Voice Recognition on the iPhone
One of my projects has the potential to get a real usability boost through voice recognition. Voice recognition is a utopia of mobile user interface, and like every utopia, it turns out to not work as well as you’d like in real life. I spent some time looking into Open Source Voice Recognition packages and if you’re looking to use Voice Recognition for what is called “Very Large Vocabularies”, you are almost guaranteed to be disappointed. If you are looking for Voice Commands, the default performance may be acceptable for what you are looking for.

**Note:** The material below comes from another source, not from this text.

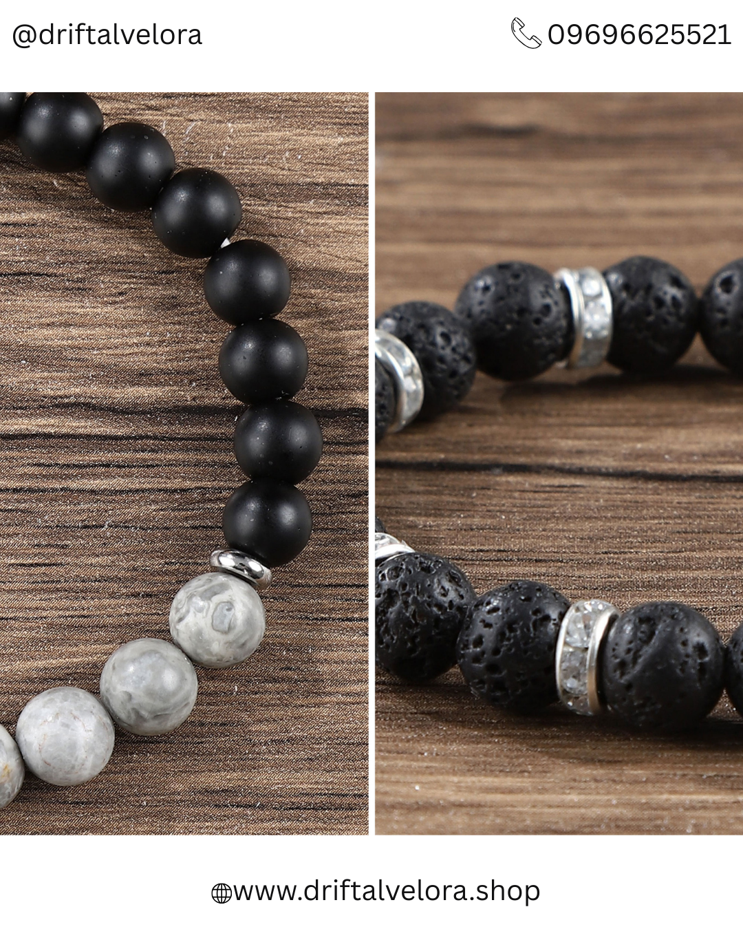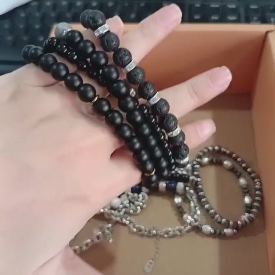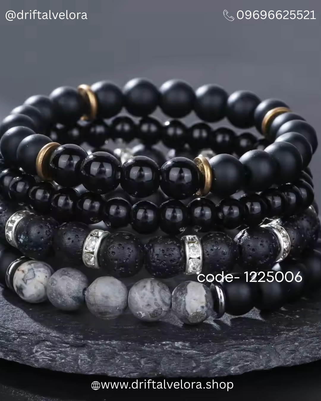 Explore your wrist game with this stunning handcrafted bracelet stack from Driftal Velora. Featuring a mix of natural Lava stones, polished Onyx, and Grey Map stones, this set offers a perfect balance of texture and style.

Voice Recognition works by transforming each sample in an audio stream, guessing what pronunciation that sample might represent, and in turn, what word it might represent. This involves both an Acoustic Model, and a Language Model to guide probabilities, and a number of algorithms to determine the result based off of those probabilities. One key thing here is that bad results are usually not code bugs, but training deficiencies. The Acoustic Models are trained by hundreds of hours of voice, but the free models are not as robust as comercial offerings. If you want to do something about it, go to Vox Forge and contribute some audio. Restricting the language model goes a long way towards improving the results, as does training the Acoustic Model to your voice. For my project, restricting the language model was the only option since my Acoustic Models need to be speaker independent.

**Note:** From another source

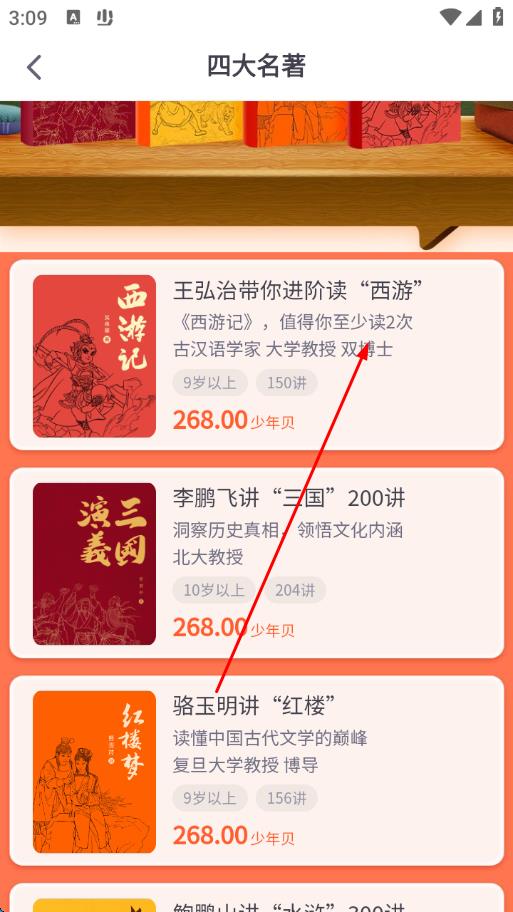 2、進(jìn)入四大名著頁(yè)面后,選擇想要收聽(tīng)的名著內(nèi)容,比如王弘治帶你進(jìn)階讀西游。

I investigated 2 packages, Pocket Sphinx and Julius. Pocket Sphinx is the evolution of a long line of Voice Recognition packages based in C and developed by people in CMU. Julius is a package developed most actively for the Japanese Language, but is still language agnostic.
I had fun cleaning up the Mac experience for both of these projects. Julius built fine but the CoreAudio driver was broken. Pocket Sphinx had a few compile errors under XCode and no clear way to build iPhone friendly libraries. So I submitted a new driver based off of the Audio Queue technology and submitted a patch that lets Pocket Sphinx build Mac and iPhone friendly binaries. It was great to submit patches to both of these projects. I still have an Audio Queue driver to write for Pocket Sphinx though!
So more on my project soon, but Pocket Sphinx is the package that I’m going to push forward with. This is largely due to the fact that the default Acoustic Models appeared to perform better than Julius. I’m hoping to use this for aligning text and audio, not Voice to Text or Voice commands. My challenge now is to see if this process helps even if it is only 60% accurate. But this spike solution is done, time to flesh out the rest of the code!